PS Do not ask for a “happy ending” in a world class spa. It is tasteless and the doorman can point you in a different directions for said activites.
Keep and open mind.
Best Wishes for a long, happy, and healthy retirement.
Erin
Oh … OK … *don’t* ask for happy ending. Now you tell me.
At the moment I resent my job for using the time I would rather spend on my hobbies. Once I retire I will perfect my finger-style guitar playing, do lots of needlework, and finally learn Italian. (Ya se español ahora. No necessito enseñas. Quizas polaco? Ruso? Farsi?)
That sounds great. No idea what I’ll actually do, but I look forward to figuring
Shooting trout from a hot air balloon.

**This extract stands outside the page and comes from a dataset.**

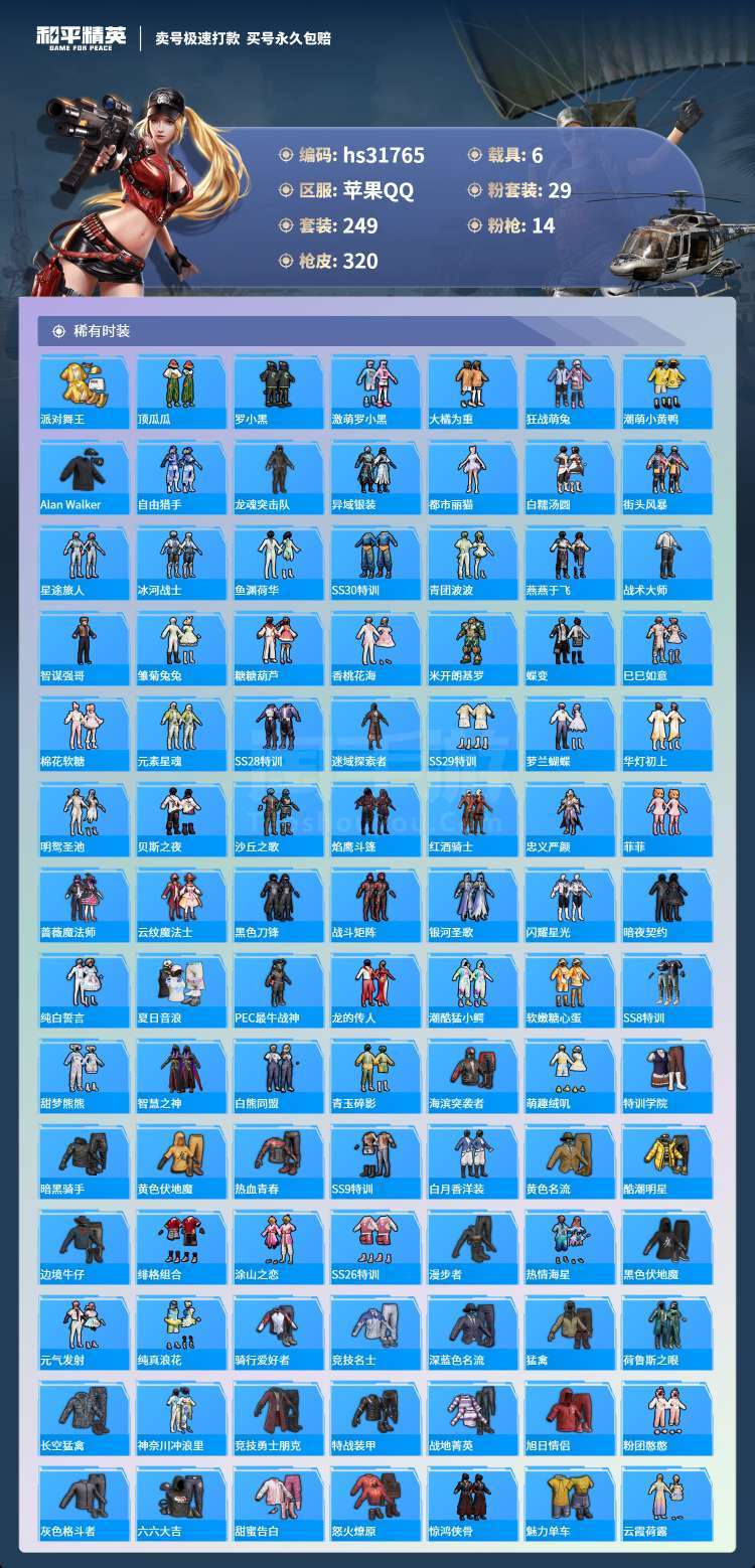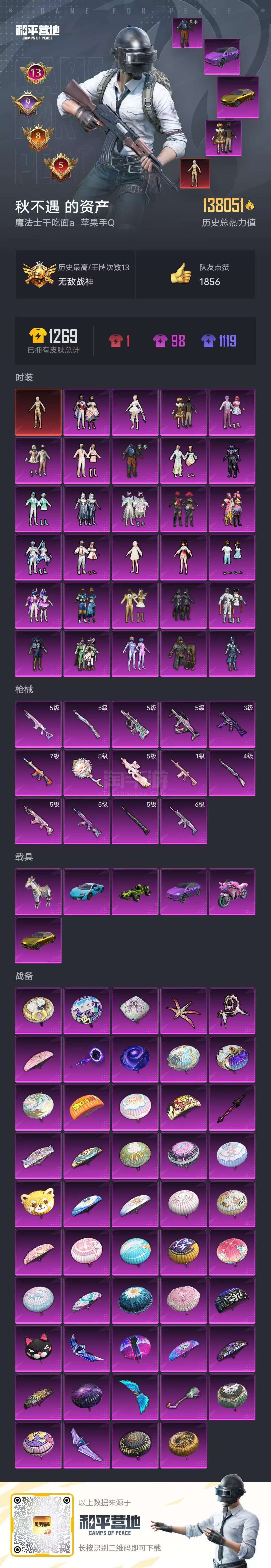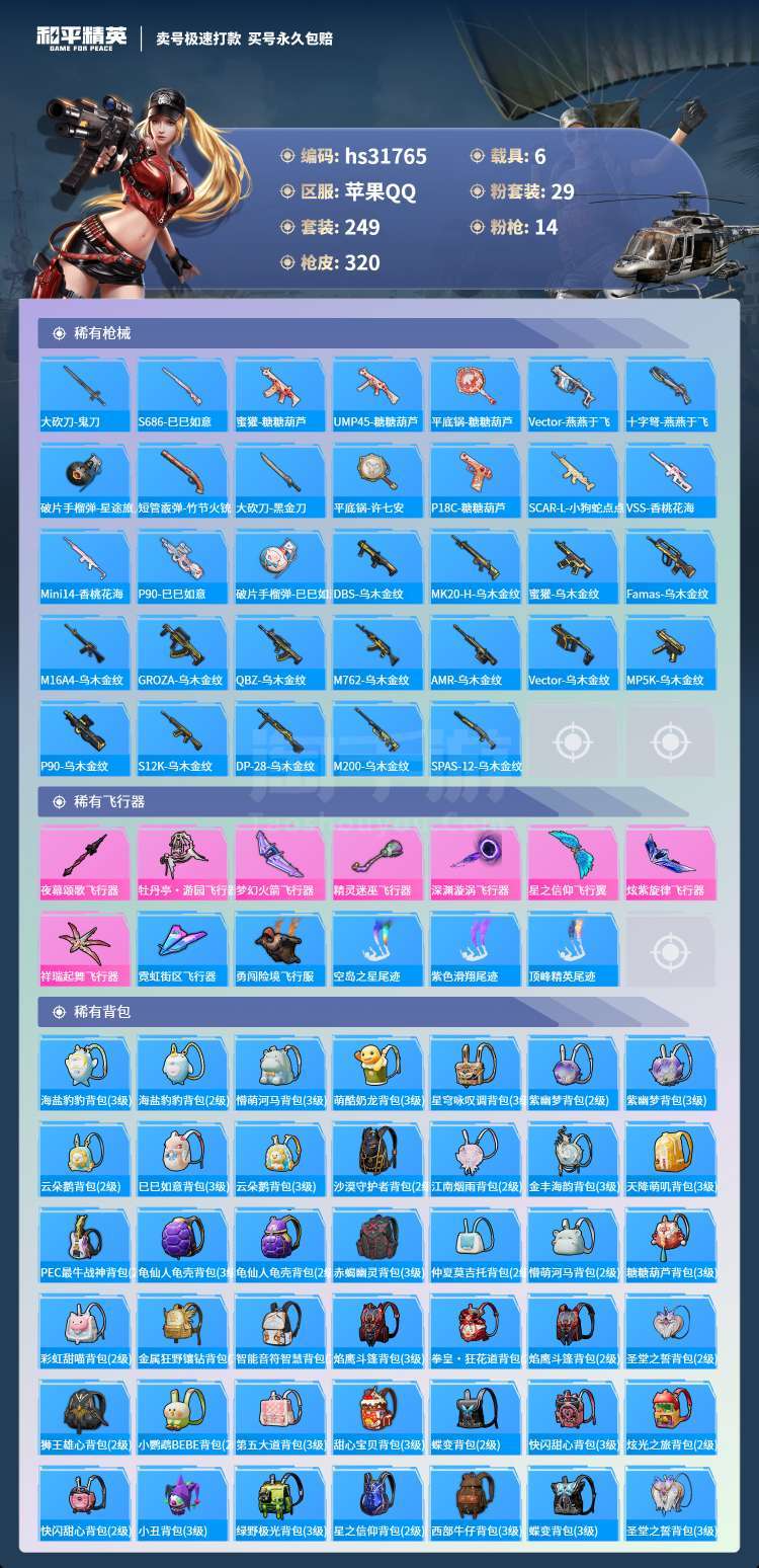 和平精英【苹果QQ】hs31765 苹果手Q-13王牌印记-有战神框-29粉装-14特效枪-6载具-138091热力值-

Interesting, but I think Sarah Palin did that already.
When I think of her, I think more fish in a barrel, but you may be right
Jeff, you have to learn to play Bridge. It is an intellectual’s game and you would be great at it. Go to ACBL.org and download the free “Learn to Play Bridge” software. During the process they ask if you are an ACBL member but you don’t have to be one to get the free software. They just ask to keep track of who’s using the program. Just say no and proceed. There is a bridge club where you can play in Austin, probably at the university. I play, teach and direct bridge, and I would have gone insane being retired without it! You would still have time for fishing.
I hate fishing, but from a hot air balloon…I can definitely get behind that!
Reblogged this on aliexprice.
Lately, I’ve been hearing quite a bit about those approaching retirement and wondering what to do with themselves. I have the best suggestion yet: Keep working!